Je l’avais remarqué. Sans plus. Maurice Abramovitch avait une réputation de face de glace. Jamais un sourire. Un self contrôle à toute épreuve. Et pas un mot plus haut que l’autre. Comment deviner qu’il pouvait exprimer un sentiment quelconque ?

« Tu n’es pas psychologue. Un client, c’est un client. On doit le ménager, lui en donner pour son argent, et faire en sorte qu’il soit satisfait… C’est la règle, dans n’importe quel commerce. Même dans le nôtre. Je ne veux pas t’embêter, mais une mère et surtout une femme sent ces choses-là… Écoute-moi bien. Il faut que je te dise : tu as toujours pris ça comme un jeu. Depuis ton plus jeune âge. On ne joue pas avec les affaires. Les tiennes particulièrement. Si tu étais entré dans la police –  l’orthodoxe –, tu saurais ces choses-là. Ils ont des écoles qui apprennent la psychologie, la diplomatie et… La psychologie est une arme. »
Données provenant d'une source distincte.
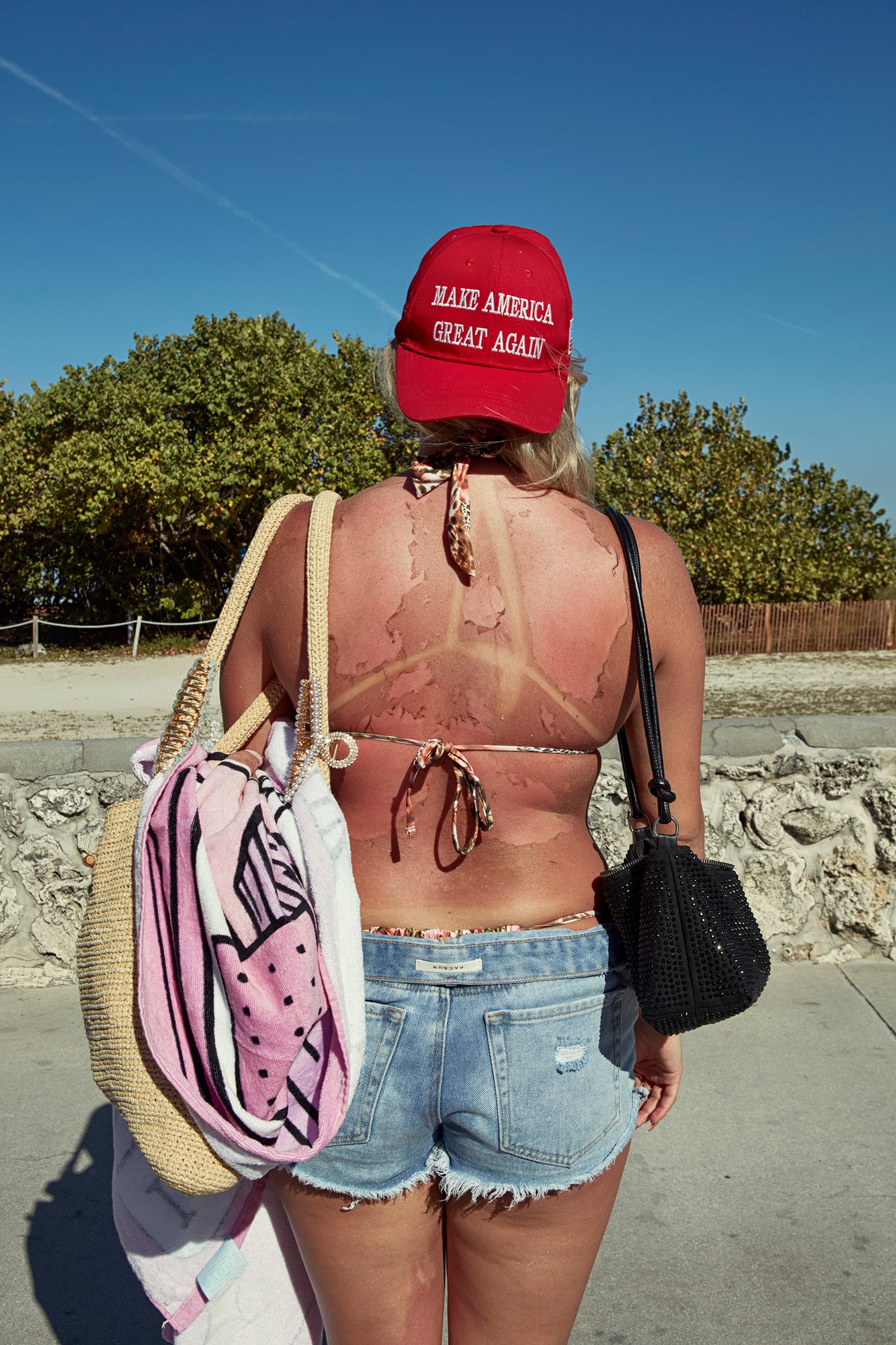 Bright blues, neon greens, and pinks play across the sand. Beachgoers in repose and mid-acrobatics fill the frame. “I was struck by how everything seemed to coexist on that strip of sand—beauty, craving, leisure, performance, and, at times, a sense of collapse—all exposed under the same bright light,” he notes. The beach is teeming with children and adults at play. There are Hello Kitty bedazzled acrylic nails, the fizzing delight of children tumbling to shore in a wave, and the painful-looking, peeling back of a sunburnt Trump supporter. Koraicho has a sharp eye for detail: the triangular forms of a watermelon wedge replicated in the popsicle print of a Speedo, the gulls catching a break in the shade of umbrellas.
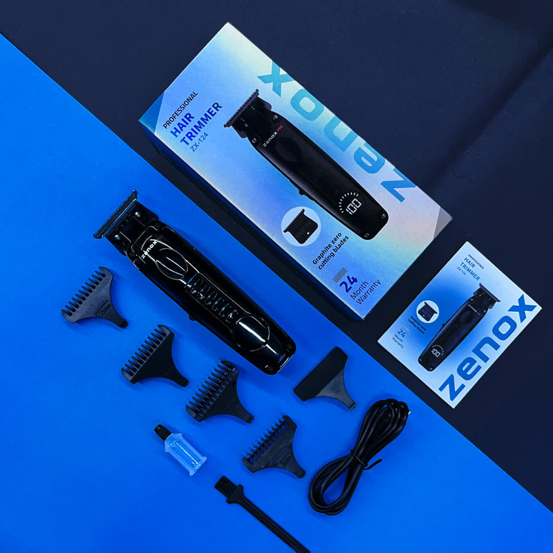 ماشین اصلاح موی صورت و بدن زیناکس مدل 124 از برترین تریمیر های کمپانی ZENOX میباشد . کمپانی زیناکس یه شرکت آمریکایی هست که کالا های خود را به بالاترین کیفیت بهمراه گارانتی معتبر وارد بازار میکند. مزیت دستگاه زیناکس 124 تیغه هایی از جنس آلیاژ استیل ضد زنگ و گرافیت ( مدل DLC 2.0) دارد که گرافیت موجود در این تیغه ها باعث میشود به مرور زمان قابلیت خود تیزشوندگی پیدا کند . این دستگاه دارای یه موتور با گشتاور 7500RPM میباشد و با یه باتری 2800 میلی آمپری توان خروجی 8واتی را به شما میدهد. با هربار شارژ 3 ساعته ،از دستگاه میتوان 260 دقیقه مداوم استفاده کرد که اگر برای مصرف خانگی بخواهید استفاده کنید نیاز 2ماه اصلاح شمارا برطرف میکند. کابل شارژ دستگاه به صورت USB TIPE C تعبیه شده است تا در هر مکانی با شارژر USB TIPE C بتوانید دستگاه را شارژ کنید . زیناکس 124 همچنین از نمایشگر شارژ و باتری و روغن برخوردار است تا هم زمان باقی مانده شارژ را به شما نمایش دهد و هم به شما یادآور روغن کاری دستگاه باشد که برای دوام بیشتر کالا بهتر از هربار استفاده تیغه هارا تمیز و روغن کاری کنید . اندازه زیناکس 124 به راحتی در کف دست جا می شود. ماشین اصلاح 124 دارای تیغهی T شکل است که به کمک این تیغه میتوان موهای سر را در اندازههای 0.1 میلیمتر کوتاه کرد و باتوجه به طرحی حرفه ای بدنه که دور تیغه آزاد گذاشته شده است ، مناسب ظریف کاری و صفرزنی و خط ریش می باشد .برای اصلاح مو در اندازههای مختلف 3 عدد شانهی اصلاح با طول برش 1-2-3-4 میلیمتر ارائه شده که روی تیغه قفل میشوند.ماشین اصلاح 124 داخل یک جعبه پلاستیکی محکم ارائه شده و داخل جعبه، برس تمیزکننده و روغن نیز قرار دارد. از ماشین اصلاح زیناکس 124 برای خط زنی حرفه ای و ایجاد طراحی های ظریف و جزئیات مانند تتو های مو استفاده می شود.

Elle se tut, le temps de l’infusion du sachet de thé Earl Grey dans l’eau bouillante, perdue dans des pensées qu’elle ne put s’empêcher de faire partager.

« J’ai fait un rêve, tu entrais dans la police. Tu devenais commissaire. Mon fils commissaire ! Un honneur à en rendre jalouse tante Rivke… »

Tante Rivke était un personnage mythique que je n’eus jamais l’occasion de rencontrer et qu’elle invoquait de temps à autre quand le besoin s’en faisait sentir, pour meubler le désert de notre arbre généalogique.

« Malheureusement, ce n’était qu’un rêve… »Elle versa du thé.